Мелодия не была ни гениальной, чтобы услаждать «гурманов» рока и сохраниться на века, ни оригинальной. Она была самой обыкновенной, то, что называется «попса», но именно она, на удивление, так безумно приворожила к себе Михеева. Он даже не мог понять почему. Внутри него просто, как только он отдался ей весь, неожиданно что-то екнуло и, прежде приглушенное, отозвалось каким-то странным постаныванием, тихим, если так можно выразиться, нытьем, до боли, однако, приятным и заунывно-сладким.
Ощущение это оказалось настолько необычным для Михеева, что он будто сразу протрезвел; по крайней мере, из головы выветрился хмельной туман, и волнами накатывались только тяжелые импульсы, как отголоски той мелодии в его внутренностях.
Михеев зачарованно потянулся на звуки. Вряд ил он хотел развлечься. Останови его в данное мгновение, он вряд ли бы вам ответил, куда его несет. Он совсем не соображал, что делает. Звуки притягивали его к себе, как магнит притягивает железо. Он вошел в холл какого-то заведения, не то бара, не то общежития и обнаружил, что здесь полно народу. В дальнем краю он без труда нашел двери дискотеки, где от стены к стене метались звуки и свет, а лица танцующих то бледнели, то становились трафаретно-мертвенными в мерцающем блике вращающегося вокруг своей оси лампы. Впрочем, и это все мало занимало Михеева, он даже закрыл глаза, чтобы возросшее от сближения с источником внутреннее напряжение не исчезло, а сохранилось в неизменном виде. А чтобы острее ощущать эти звуковые колебания, Михеев стал разрезать собою толпу, пытаясь добраться поближе к динамикам, туда, откуда вылетали эти сводившие его с ума звуки. Тут было потрясающе. Тут уж точно невозможно было думать о чем-либо ином, — тут можно было без остатка отдаться во власть музыки и наслаждаться теперь каждой клеточкой, впитывая её через каждую пору тела.

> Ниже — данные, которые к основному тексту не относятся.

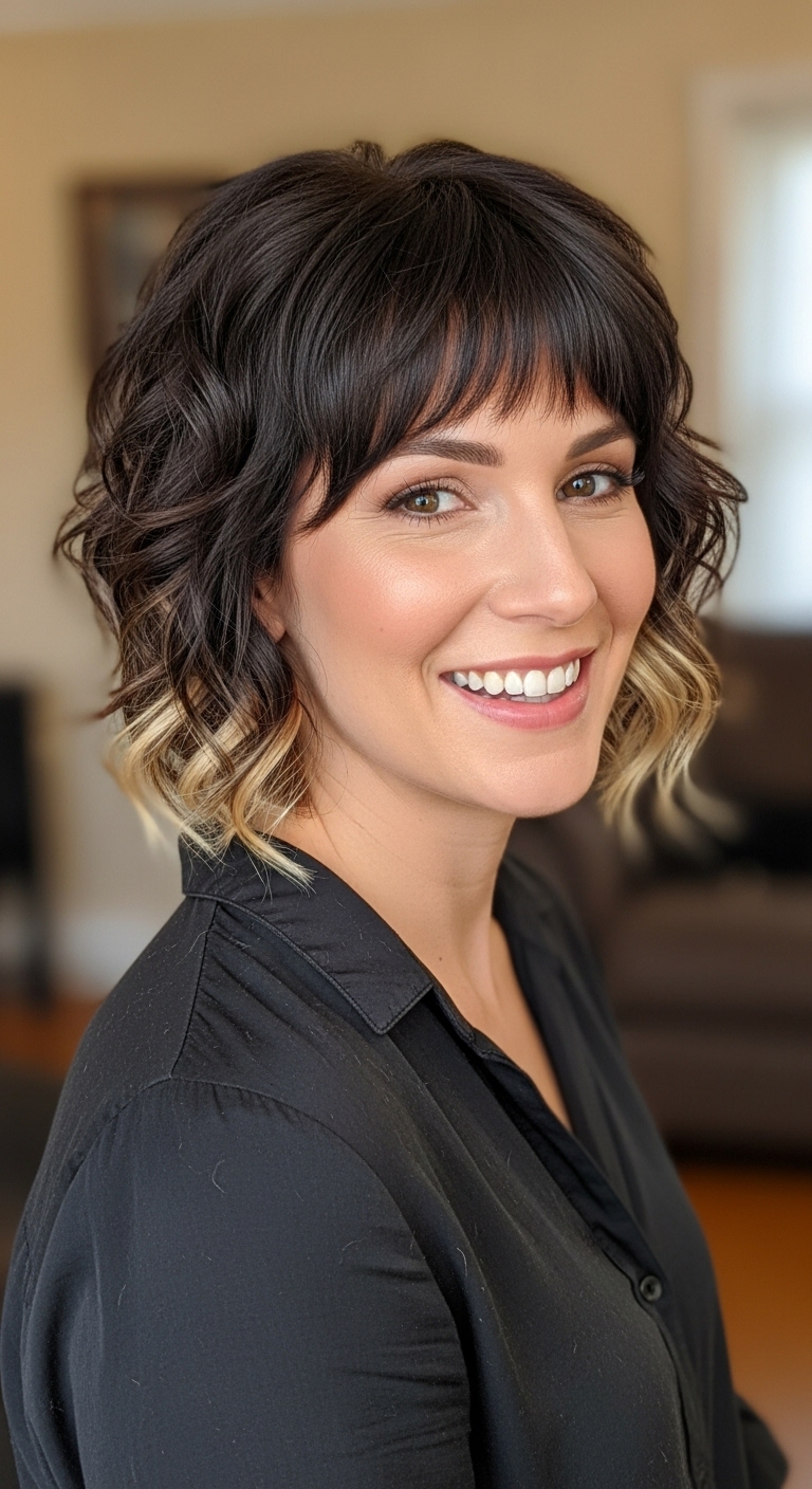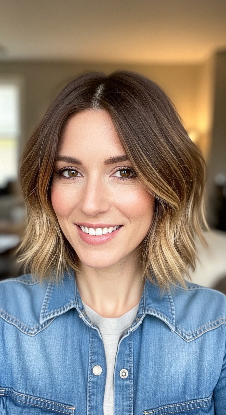 Der kurze Lob kombiniert die Eleganz mittellanger Haare mit der Frische kurzer Schnitte. Balayage setzt feine Highlights, die das Gesicht sanft umrahmen und den Look sofort aufwerten.
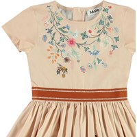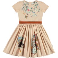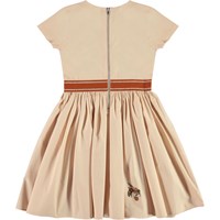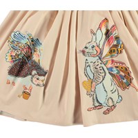 Candy is een roze jurk met een print van bloemen op de bovenkant en een konijn en egel met vleugels op de rok. Het is gemaakt van stretch popeline, wat het extra comfortabel maakt. Candy heeft een ritssluiting in de nek en een gestreepte elastische tailleband.
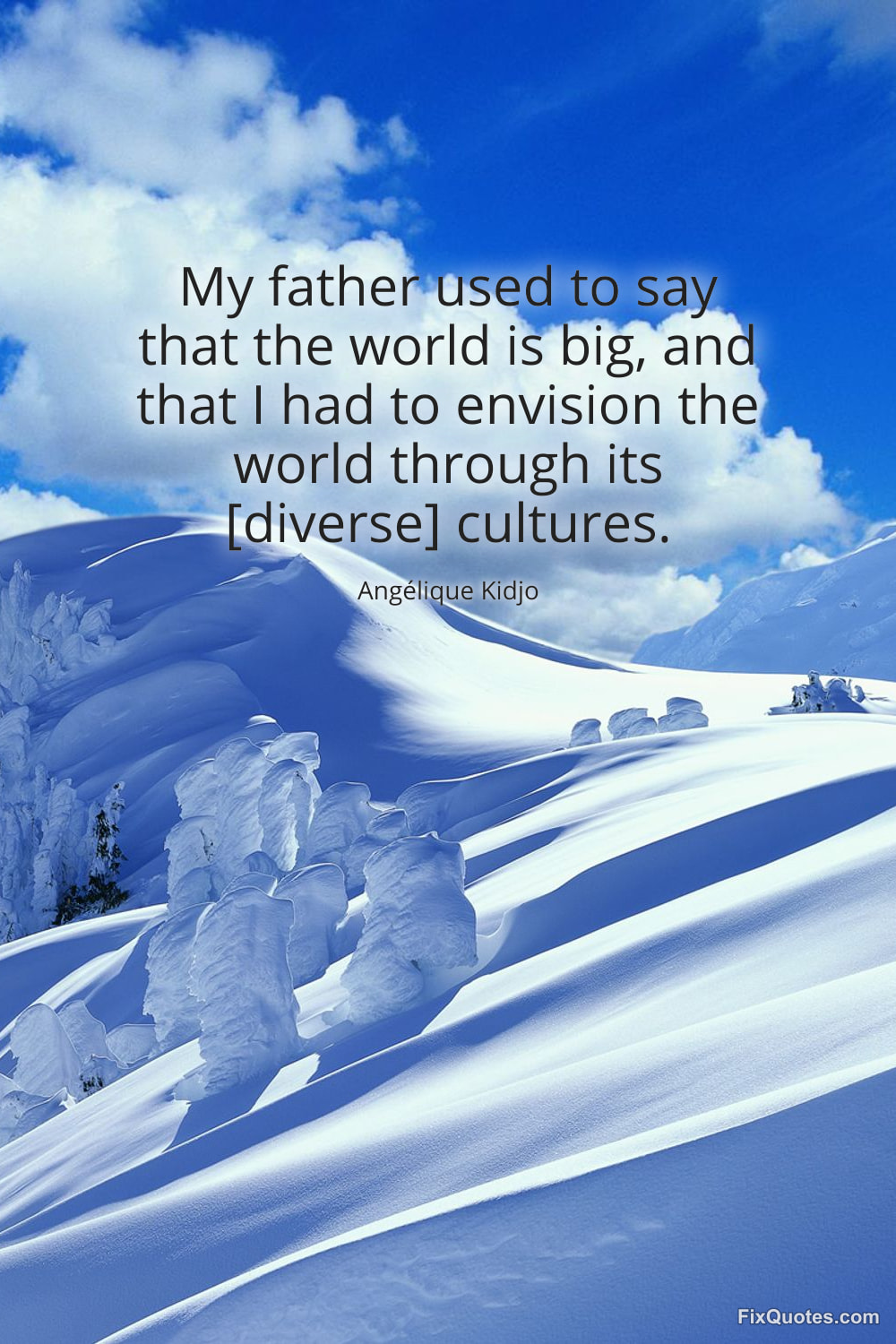 Kidjo, Angélique. "My father used to say that the world is big, and that I had to envision the world through its [diverse] cultures." FixQuotes. February 15, 2026. https://fixquotes.com/quotes/my-father-used-to-say-that-the-world-is-big-and-185383/.

И как только Михеев одурманился музыкой, мир реальный для него вообще перестал существовать. Все эти в конвульсии извивающиеся рядом тела, тот дождь, промокшие ботинки и кружащий голову хмель. Мир доселе неизвестный теперь диктовал свои условия, и условия эти оказались на удивление приятными, завлекательными и завораживающими. Этот новый мир ворвался в опьяненное сознание Михеева и стал в нем существовать. Однако, как будто и не зная его, Михеев вспомнил, что раньше он уже встречался с ним. Изредка тот мир вторгался в жизнь Михеева, и теперь, ворвавшись в него самым бесцеремонным образом, он заставлял Михеева то рыдать, то смеяться, то ныть, то выть или кричать от восторга, не отдавая предпочтения ни одной из переливающихся через край эмоций. Ни боль, ни радость не первенствовали у Михеева, потому как в том, непонятном для него мире, и боль и радость были равнозначными. Они набегали друг на друга, то умолкая разом, то неожиданно вспыхивая с новой силой, спутано, трудноразличимо, переиначивая все прежние представления: болью вызывая наслаждение, радостью — горечь. Это было как Вселенная: всеобъемлюще, неописуемо, необъяснимо.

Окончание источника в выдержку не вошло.